In the late nineteen nineties, quite a few people happened to decide
to write stories set largely in fake realities. The films Dark City,
The Truman Show, The Matrix, The Thirteenth Floor, and eXistenZ all
fit into this theme, as did the TV show Harsh Realm.
Harsh Realm was adapted from a comic to a TV series by Chris Carter.
Not having read the comic, I don't know how faithful the adaptation
was, but the look and feel of the show is often very reminiscent of
The X-Files, particularly Mark Snow's score.
The plot evolves around a computer simulation of "a world" (consisting
solely of the United States of America). Had this world been populated
with eXistenZ-esque simplistic characters or Matrix construct-esque
sets of twins, this would have been fine. Instead, the writers opted
to claim that the United States military used census data to faithfully
recreate every person in the USA, including not just their vague
opinions but their complete personalities right down to their quirks,
mannerisms and innermost thoughts. Various outlandish claims like
this got in the way of my ability to go along with the story. It
patently couldn't happen.
Then there's the preaching. On more than a few occasions, Harsh
Realm seems like little more than thinly disguised Christian propaganda.
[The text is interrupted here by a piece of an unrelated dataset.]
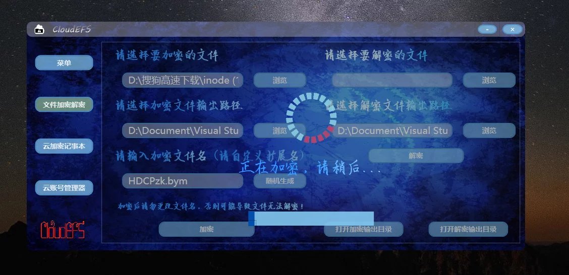 CloudEFS文件加密是一款绿色安全的文件加密软件。该软件加密解密的速度非常快,只需5秒即可轻松加密解密,并且可支持跨平台使用,有需要的朋友赶快拿下。

I'm not even talking the good-versus-evil, benevolent-guiding-force
stories of Quantum Leap. I'm talking downright propaganda that
equates non-belief in a single god with fascist rule, looks down
upon unbelieving heathens, and portrays the clergy as selfish. I
realise that American fiction in general is very theistic and
specifically Christian in nature, and so maybe the writers can't be
particularly blamed for such allusions. I was fine with the subtle
Jesus references in Robocop, and even managed to put up with the
imagery in the later Terminator Salvation, but Harsh Realm is just
plain preaching to the point of almost forgetting its pretence of
telling a story.
For these two reasons, an implausible scenario and excessive preaching,
I think Fox's management were right to cut the series short. However,
this introduced another problem. The show's creators were given
very little warning that their work had been axed, and so most of
Harsh Realm's episodes do very little to advance the overall plot
of the story arc, being written under the mistaken belief that they'd
have plenty of time to write the good episodes later. It's possible
the show may have gotten interesting had the main story been fully
explored, but at the end of the day, there are much better shows out
there.
All in all, this is a fairly interesting show, but not a patch on
the various films that much better explore the storytelling
possibilities of fake realities in far less time.